[Extracted records]
═══

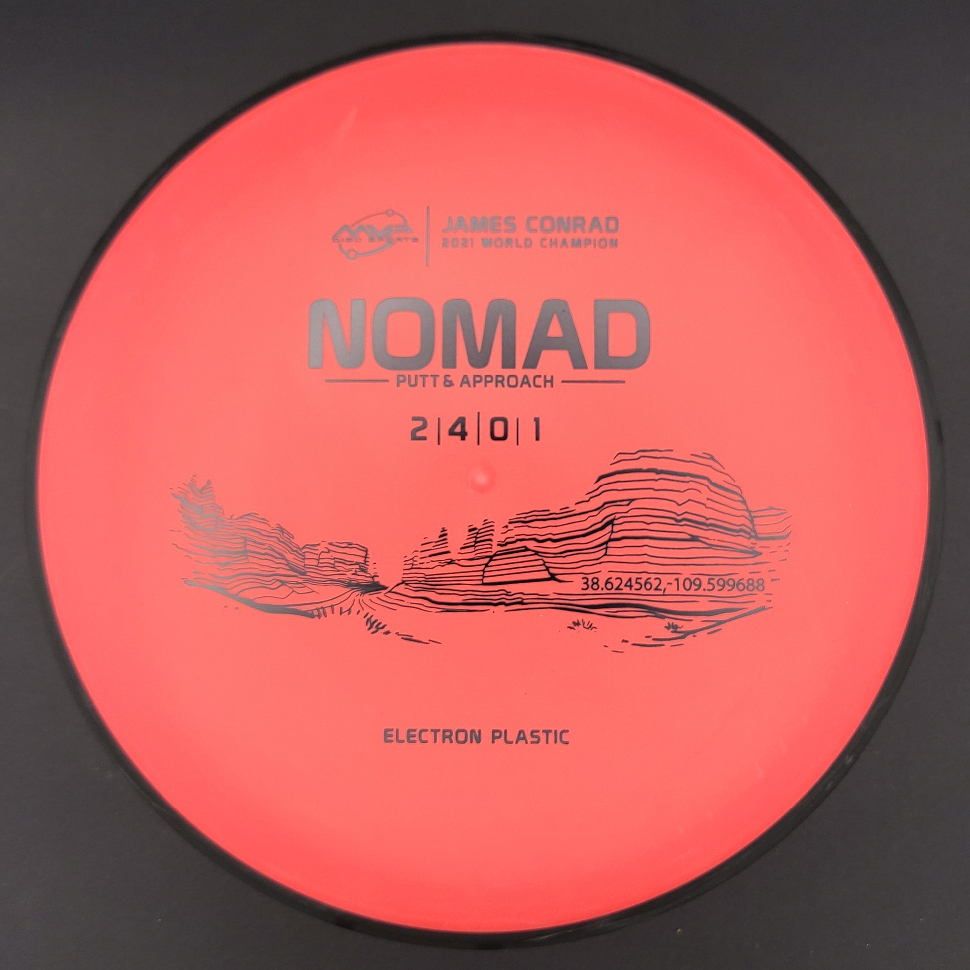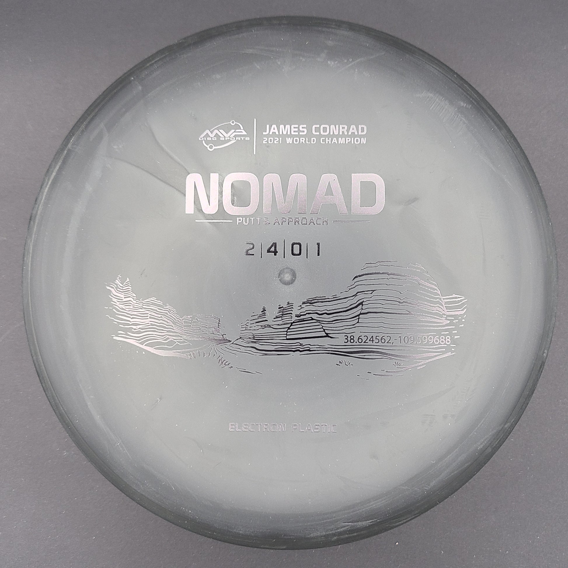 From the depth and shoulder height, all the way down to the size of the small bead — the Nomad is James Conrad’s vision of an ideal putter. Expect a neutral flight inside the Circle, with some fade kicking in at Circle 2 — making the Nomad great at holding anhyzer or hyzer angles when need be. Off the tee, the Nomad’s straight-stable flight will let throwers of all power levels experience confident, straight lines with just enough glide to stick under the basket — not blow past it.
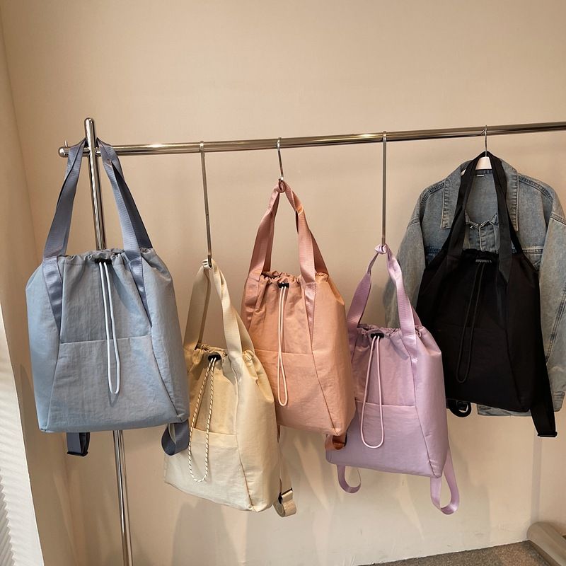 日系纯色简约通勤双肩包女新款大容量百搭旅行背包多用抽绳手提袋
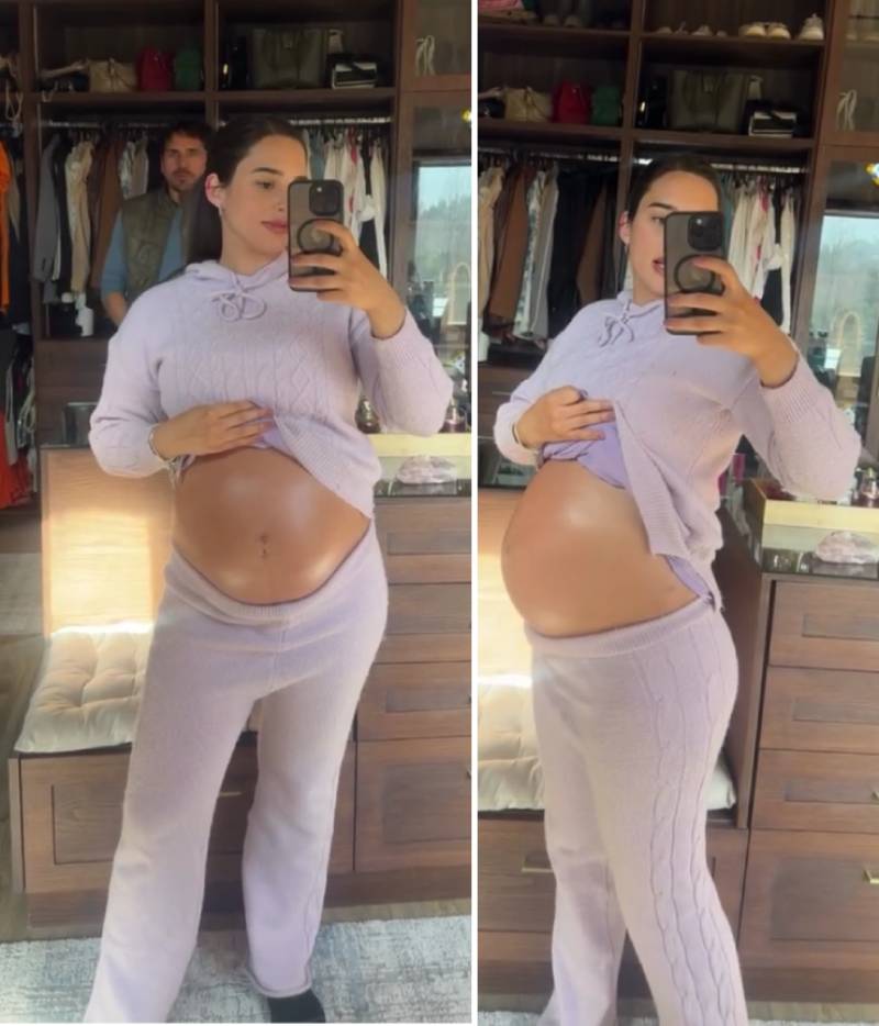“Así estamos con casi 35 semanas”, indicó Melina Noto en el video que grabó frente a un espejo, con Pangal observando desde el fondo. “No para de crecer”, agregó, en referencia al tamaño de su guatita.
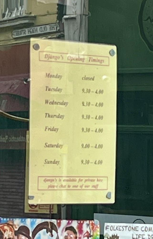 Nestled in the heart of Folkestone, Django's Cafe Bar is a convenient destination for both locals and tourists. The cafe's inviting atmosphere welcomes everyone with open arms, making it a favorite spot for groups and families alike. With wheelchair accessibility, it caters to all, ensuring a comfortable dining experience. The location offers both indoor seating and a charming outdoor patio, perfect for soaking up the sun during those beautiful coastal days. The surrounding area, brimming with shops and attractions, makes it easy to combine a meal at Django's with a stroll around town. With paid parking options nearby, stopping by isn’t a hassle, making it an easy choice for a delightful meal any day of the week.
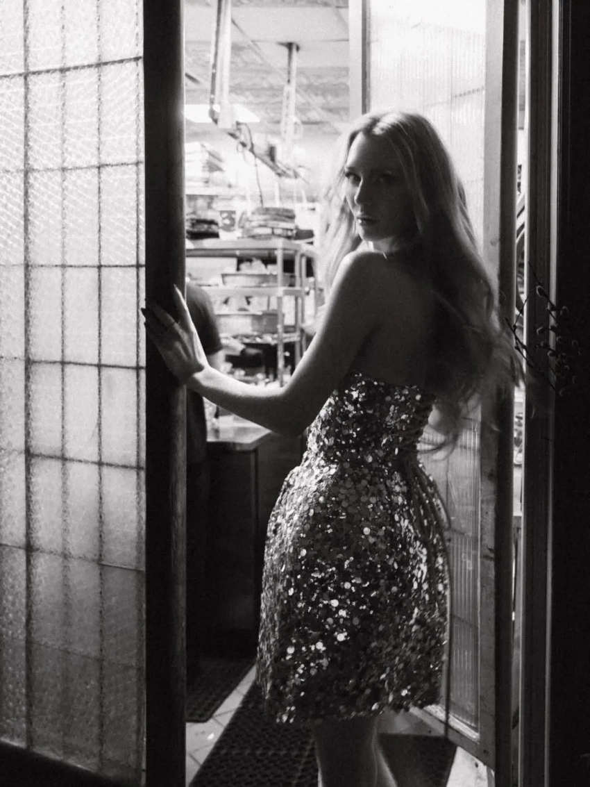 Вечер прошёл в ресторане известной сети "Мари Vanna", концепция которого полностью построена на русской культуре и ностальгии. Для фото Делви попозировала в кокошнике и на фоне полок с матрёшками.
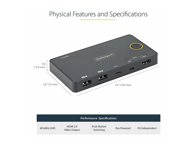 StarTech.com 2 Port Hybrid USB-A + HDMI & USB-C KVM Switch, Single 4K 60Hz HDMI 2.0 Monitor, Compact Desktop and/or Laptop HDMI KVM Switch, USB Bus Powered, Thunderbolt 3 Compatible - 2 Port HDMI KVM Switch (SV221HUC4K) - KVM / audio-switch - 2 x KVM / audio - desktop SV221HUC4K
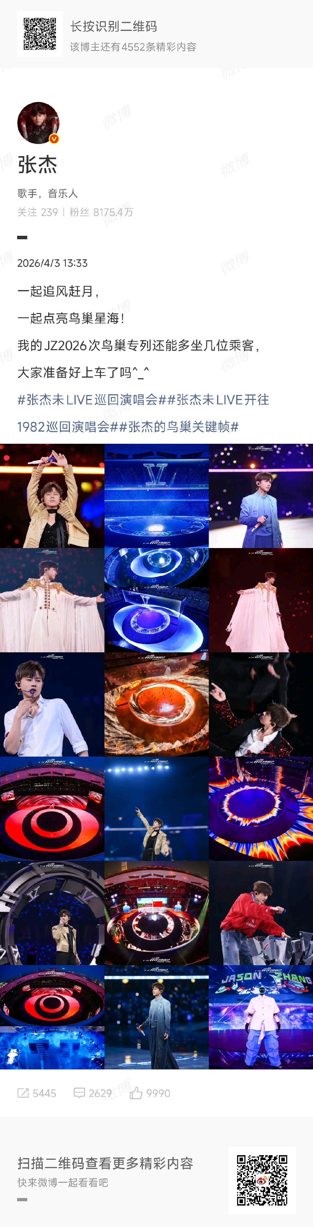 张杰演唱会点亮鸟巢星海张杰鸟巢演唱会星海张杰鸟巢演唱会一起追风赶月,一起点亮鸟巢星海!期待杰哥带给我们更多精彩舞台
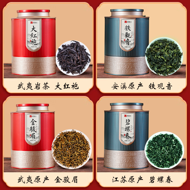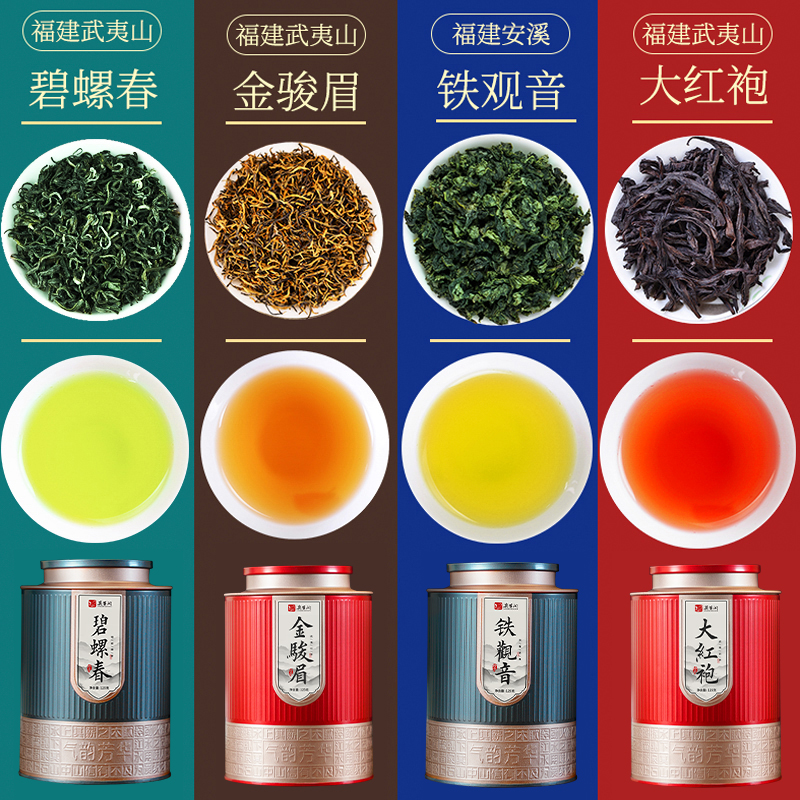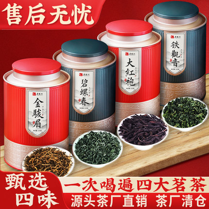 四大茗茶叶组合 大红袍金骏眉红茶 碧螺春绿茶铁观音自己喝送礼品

═══

--- EXERCISE REQUIREMENTS ---
From the line containing "张杰演唱会点亮鸟巢星海张杰鸟" down to the last line of the data, print every line exactly and nothing else. Pictures stay out of the copy.

--- RESPONSE ---
 张杰演唱会点亮鸟巢星海张杰鸟巢演唱会星海张杰鸟巢演唱会一起追风赶月,一起点亮鸟巢星海!期待杰哥带给我们更多精彩舞台
 四大茗茶叶组合 大红袍金骏眉红茶 碧螺春绿茶铁观音自己喝送礼品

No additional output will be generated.